Man, I really have the impression that my video-on-demand service has a better understanding of ensuring availability and risk-management than either my bank or any government service.<p>Could you imagine say a utility company creating a title called 'Chaos Engineer'.
Netflix puts out some great articles about architecture in the cloud. Auto-scaling, chaos monkey, and how they handle 'steal-time.' Does anyone know of any other company that publishes so much about cloud architecture? This is great stuff!
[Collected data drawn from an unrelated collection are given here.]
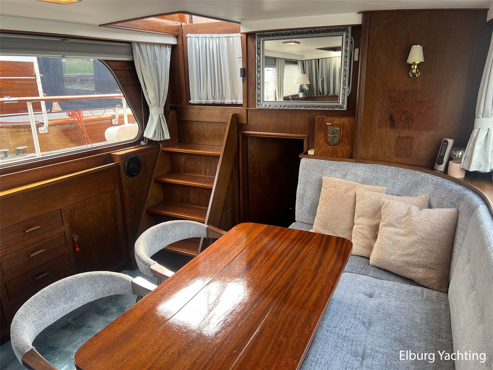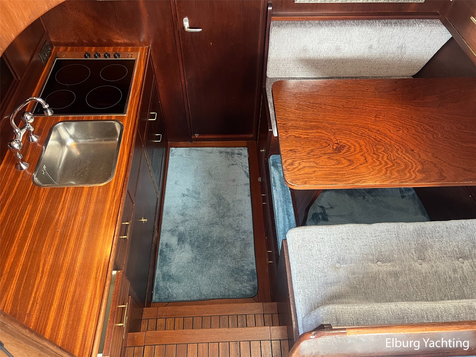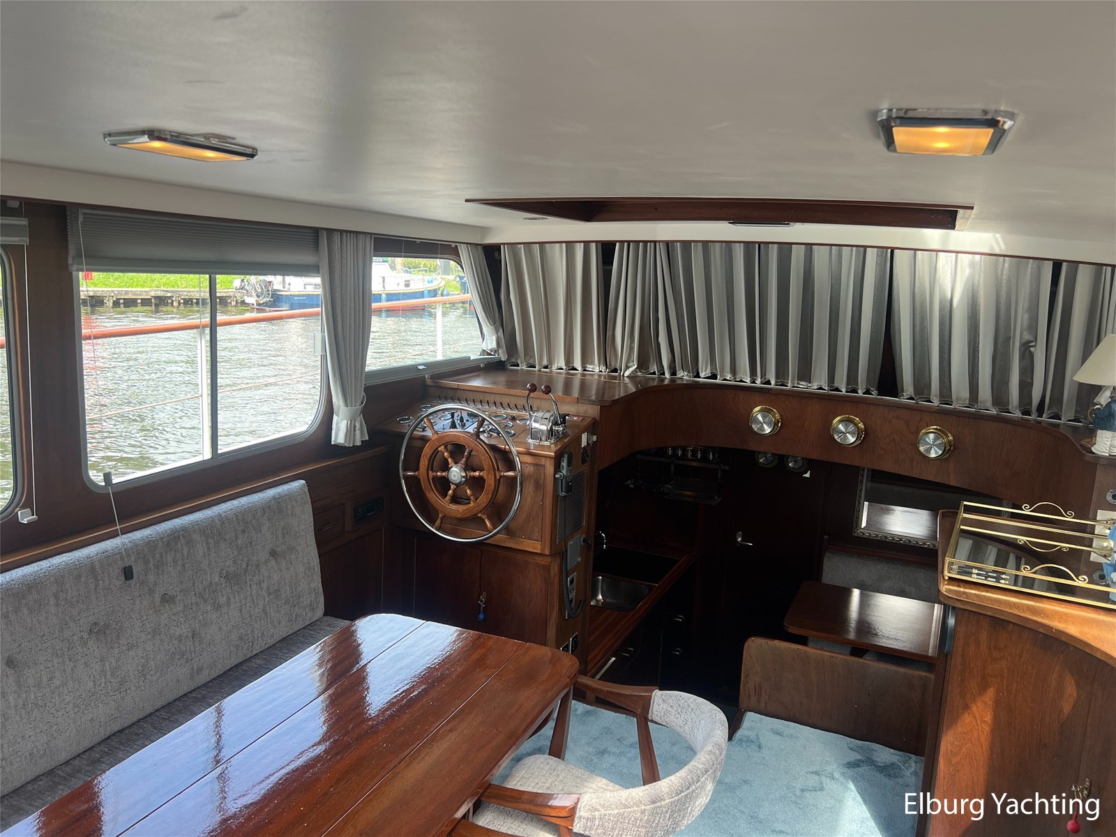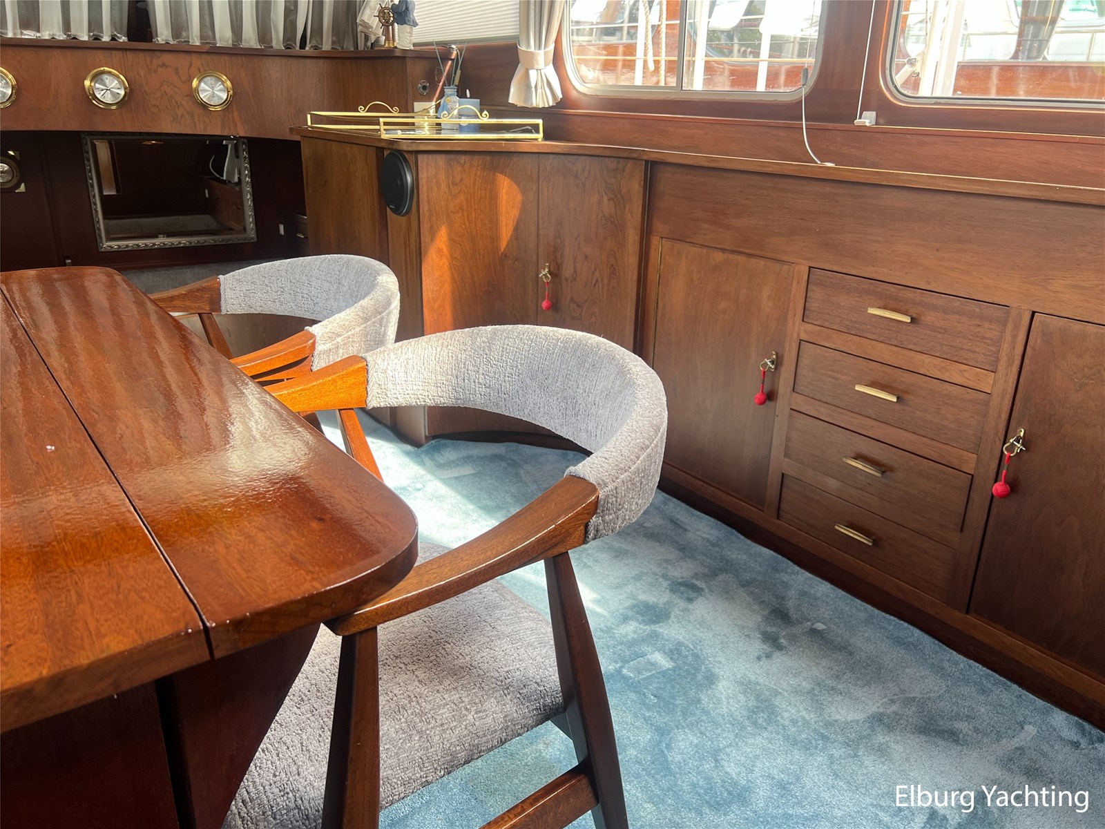 - Teak interieur met tapijt door het gehele schip
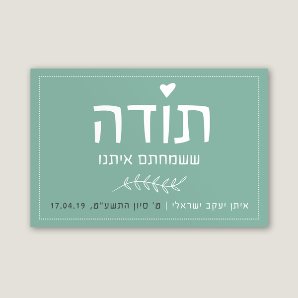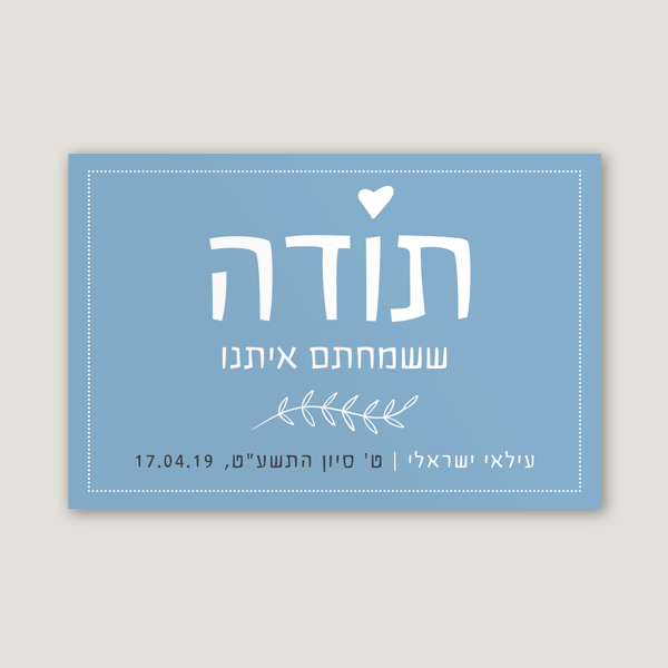 ההתרגשות של הלידה, הלחץ של האירוע וכמות המוזמנים, לא תמיד מאפשרים להודות לכל אורח באופן אישי, ולכן כרטיס תודה קטן וממותג יכול לתת לכל אורח תשומת לב מיוחדת.
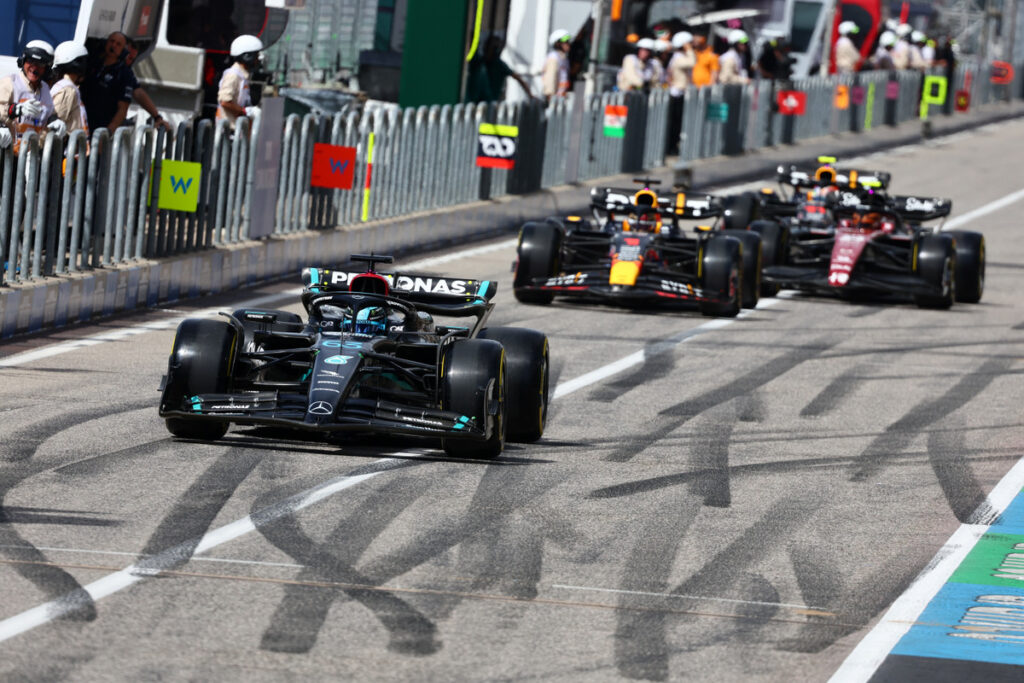 “The Stewards heard from the driver of Car 63 (George Russell), the driver of Car 16 (Charles Leclerc), team representatives and reviewed positioning/marshalling system data, video, timing team radio and in-car video evidence,” the Steward’s report read.
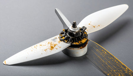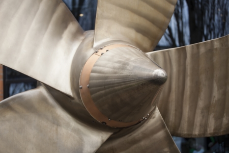 Large metallic propellor with blue background.
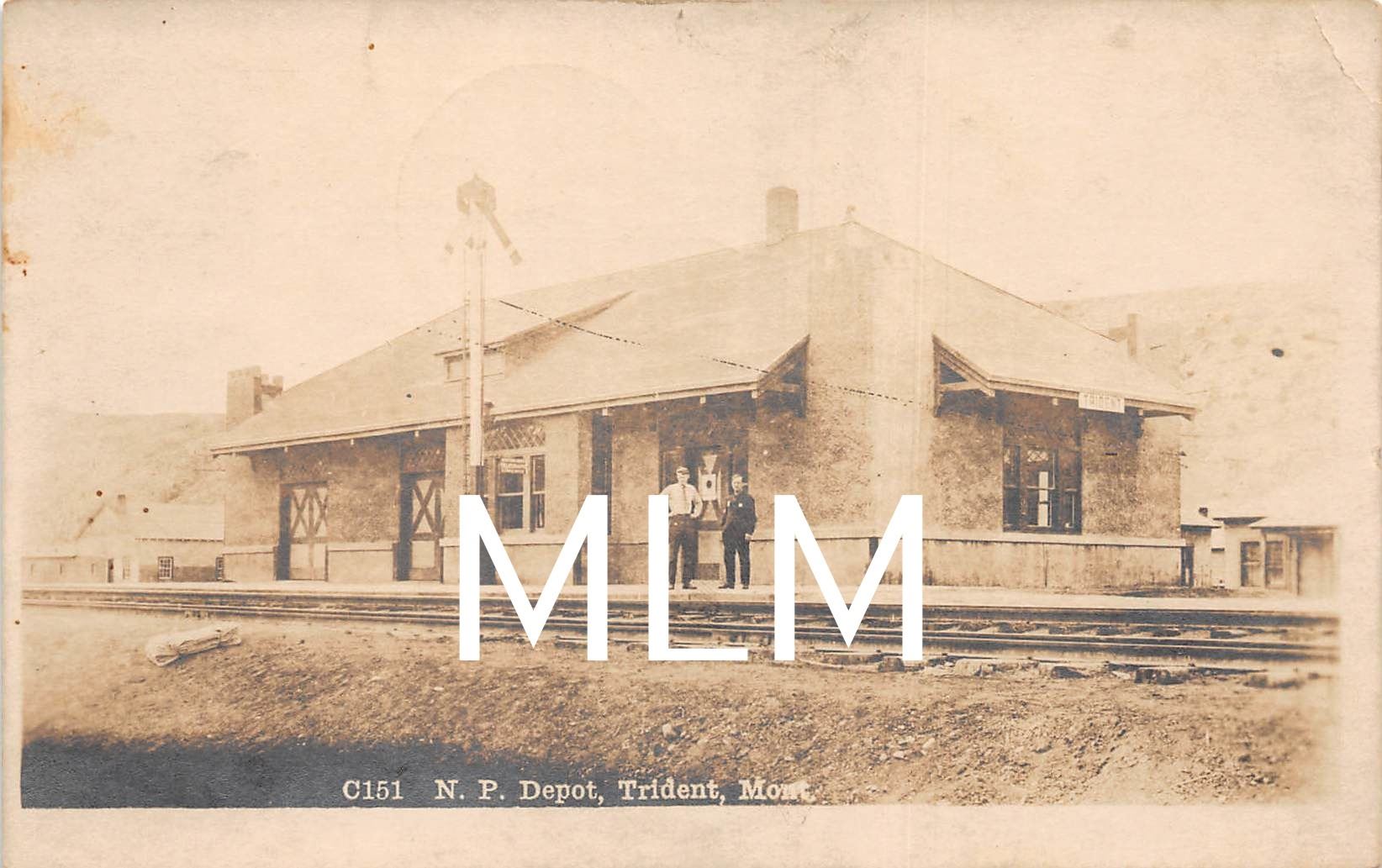 N.P. Train Depot Trident, Montana Real Photo Postcard
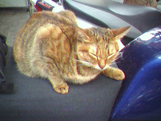 PIC 這隻貓躺在人家的機車上面睡覺 整個超舒服的感覺 超可愛

I wonder if Netflix has ever come out with some kind of, "So you want to get into chaos engineering, eh?" kind of article that explains the basics and some pitfalls/things to look out for.
I assume that other big internet companies also practice chaos engineering under a different name, but having such a name for the job is awesome. It highlights the difference to traditional stress testing. Names have surprising power. Growth Hacker was a bit annoying but very effective title trend and it helped to communicate the different approach to traditional marketing efforts. I think Chaos Engineer has the same potential.
It's great to see Netflix taking disaster recovery and chaos mitigation seriously. Learning to work with constant failure is one the biggest challenges to anyone working with distributed systems and scale, and concepts like the Chaos Monkey help enormously. I hope other companies follow suit, and soon.
How does one go about becoming a chaos engineer? I imagine up to this point it is a field one falls into accidentally and gains experience over time. I can imagine it becoming a topic taught at a college level in the near future.